Deeba Hasan, T J Kamalanabhan


The common practice of connecting to one’s job outside the primary office by using ICTs is linked to adverse outcomes like work-family conflict and poor-sleep quality. However, outcomes are shown to vary between individuals. This work aims to establish the root cause behind individual variations by unearthing the foundational generative mechanisms that lead to the outcomes. The ontological and epistemological approach of critical realism is used to propose a novel conceptual framework that offers a three-way interaction effect between psychological control over work-life balance, emotion regulation strategies and job-connectedness outcomes. According to the framework positive emotion regulation generated by the appropriate use of savoring and dampening strategies elicits specific neurobiological processes that mitigate adverse outcomes of job-connectedness. This work theoretically extends Bandura’s agentic perspective of socio-cognitive theory and practically provides managers with a deep understanding of the generative forces underlying human functioning that can be leveraged for hiring, leadership development and performance-management.

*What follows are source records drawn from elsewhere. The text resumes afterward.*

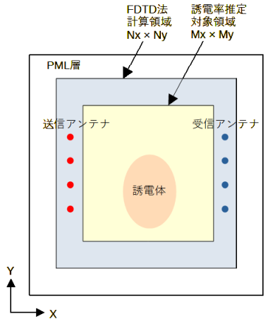 誘電体を含む対象領域を考え、その外部に送信アンテナと受信アンテナを置きます。
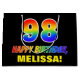 This fun, cheerful, and colourful birthday-themed gift bag design features a large number "98" and the message "HAPPY BIRTHDAY,", both having a rainbow spectrum gradient inspired pattern colouring, along with a bold yellow custom recipient name. The background is coloured black. A fun gift bag like this might be used when wrapping gifts being given to somebody in celebration of their ninety eighth birthday. [~Z0000477]
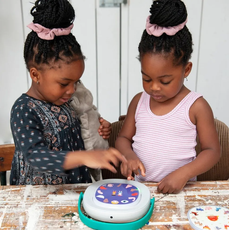 TIMIO, det interaktive lydlæringslegetøj, hjælper børn med at udvide deres viden og ordforråd fra 2-6 år. Lær alfabetet, tal, farver, dyr og objekter, lyt til historier, musik og børnesange. Alt sammen på 8 sprog!
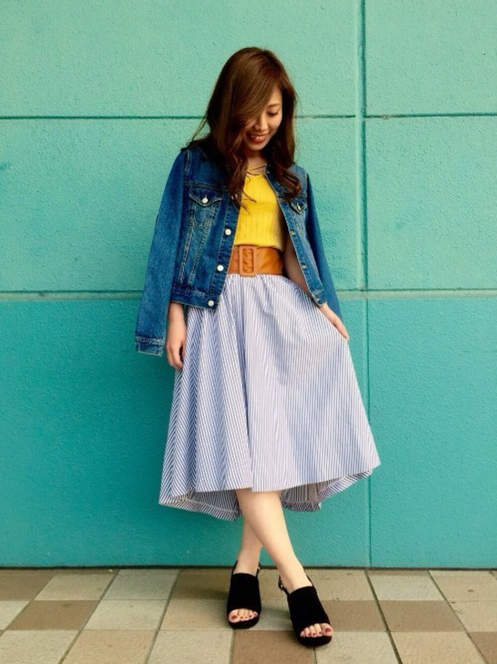 フロントのクロスデザインがポイント☆ 前後2WAYで着れるので、お洋服に合わせて着回しできます! マスタードカラー×ストライプで、こなれた印象に!
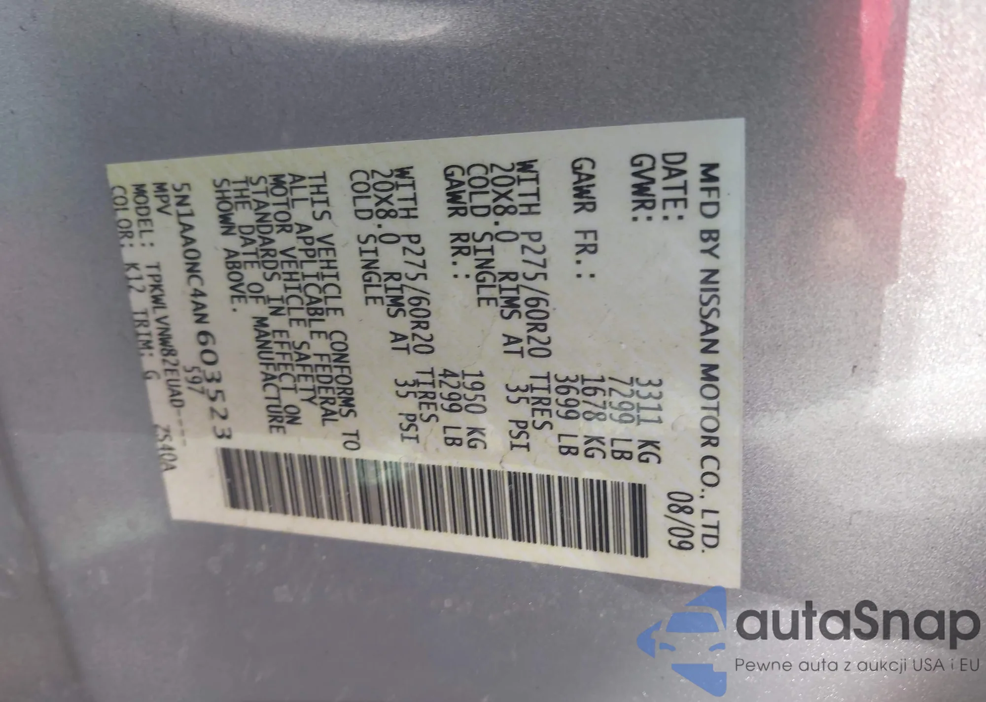 • VIN 5N1AA0NC4AN603523
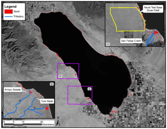 The migration of sand onto playa surfaces from external sources primarily occurs on the west side of the playa study domain. Aeolian deposition driven by strong westerly winds and fluvial deposits delivered by extensive, sand-laden, ephemeral creeks are the key mechanisms contributing to surficial sand deposits on the playa. A notable example of aeolian transport is the encroachment of the Salton Sea Dunes onto exposed playa surfaces at the Naval Test Base (Figure 5). Despite having a diminution in sand supply, the extensively characterized dune field has the capacity to deliver large amounts of sand onto playa surfaces [85,86,87,88]. The three primary tributaries on the west side of the Salton Sea include Arroyo Salada, Tule Wash, and San Felipe Creek (Figure 5). These tributaries deposit sediment across two alluvial fans, where sand is then available for aeolian redistribution. The larger of the two fans is located south of Salton City and is a composite of Arroyo Salada and Tule Wash (Figure 5). The San Felipe Fan is the smaller of the two fans, located approximately 15 km south (Figure 5). Sand deposited by these tributaries is distributed as diffuse sand drifts and linear strips of coppice dunes. Sand deposited onto playa surfaces is often reworked by longshore currents, swash zones, or aeolian activity. The quantity and extent of loose surficial sand deposits fluctuate as new deposition occurs, deposits are modified, or sand is sequestered via integration with developing salt crusts. Our results are generally consistent with the knowledge of sand deposition and movement in the region.

An additional contribution of this work is providing a taxonomy of traditionally interchangeably-used terms to denote different kinds of alternate work arrangements, thus clearing the prevalent ambiguity in literature. A research limitation is the theoretical nature of the framework that needs to be tested empirically to confirm the effect sizes of the proposed relationships. This work is timely and offers future research directions in the interdisciplinary fields of IS and psychology.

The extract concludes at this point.